Although versions of this general idea have been implemented by others, we chose to design a novel implementation reflecting design choices most optimally suited to our purpose. A major concern in AER design is the resolution of collisions, or in other words, simultaneously occurring events. Two broad categories of solutions exist:

Unarbitered systems allow all pixels access to a shared output bus. This requires minimal hardware overhead on the chip and minimal transmission delays. However, simultaneous spiking causes one pixel to corrupt the address broadcast by another. Careful choice of the address encoding scheme and use of a non-dense bit code can allow collision detection. Off-chip circuitry must be able to handle no guarantees on the length of time for which data will be displayed; and it must be able to perform this error detection in real time. This is a hefty requirement, given expected data transmission rates on the order of 3 million addresses per second for our system.
Arbitered systems include some on-chip circuitry for collision detection and a graceful method of deciding which of the simultaneously active addresses will be transmitted. Multiple solutions exist: all colliding spikes may be lost; colliding spikes may be pipelined, introducing delay but retaining all data; or an intermediate solution with a limited buffer can be chosen.

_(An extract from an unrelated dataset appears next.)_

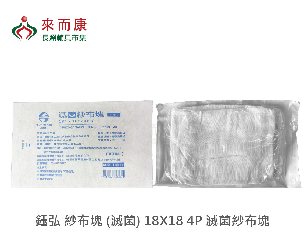 來而康 鈺弘 紗布塊 (滅菌) 18X18 4P 滅菌紗布塊 1入/包 400包/箱 滅菌 紗布

To allow our chip to interface with off-the-shelf digital components, we used an arbitered scheme. Since timing is crucial in our system, we designed our AER arbitration hardware to have a short latency at the cost of having only a one spike buffer. Error checking is integrated into the design such that only valid addresses are transmitted off the chip, and a hand-shaking protocol ascertains that all data is cleanly read before a new address is broadcast.

Fig. 6. To determine the number of lost spikes due to collisions, we have run simulations. As the number of spikes transmitted by the array increases, the probability of a collision also increases. We have found that acceptable collision rates permit transmission of up to about 7,000,000 addresses per second. For a 32 by 32 pixel array with a scanning frequency of 300Hz, an average firing rate of up to 23 spikes per scanning cycle can be allowed.

The Chip:

The chip has been manufactured in a 0.6 micron, double poly, triple metal CMOS process. The chip is designed for a supply voltage of 3V. The pixel array occupies 2.2mm by 2.2mm and the entire chip area is about 10mm².

Mechanics for Generating Vibrations:

In order to impose some sort of regular scanning of the image, we can vibrate some element of the optical path: the whole system composed of the chip and the lens, or just the lens, or a mirror positioned in front of the lens, or a prism positioned either in front or behind the lens. We have designed two systems for achieving such vibrations of the image.

Fig. 7 Left: Schematic of the mechanism for generating periodic circular scanning. Right: photograph of the same. The mirror is mounted on a motor, which is in turn mounted at an approximately 45 degree angle. The surface of the mirror slants at less than 1 degree from the perpendicular to the motor shaft. Thus, as the motor spins, the image reflected by the mirror wobbles in a circular periodic pattern. An encoder on the motor permits knowledge of the angle of the mirror at any time point. The image is focused through a lens onto the chip.

Fig. 8 The mechanism for generating irregular scanning movements. The lens is suspended in the central circular chamber on four metal springs. The mass of the lens and lens holder as well as the stiffness of the springs determines the target resonant frequency. Vibrations in the environment are amplified near the resonant frequency. These vibrations can be either naturally occurring (resulting from driving over rough terrain, a running motor, etc.) or intentionally induced (for example, with a piezoelectric). Left: Cartoon of the design. Center: Top view of the design (to scale). The thin red lines indicate the springs, which attach the external mass to the central mass. The lens is located in the central circular hole. The remaining holes are for various screws. Right: Photograph of the fabricated mechanism. The lens fits under the central light-colored metal piece. The springs are very thin L-shaped metal strips which cannot be seen easily here.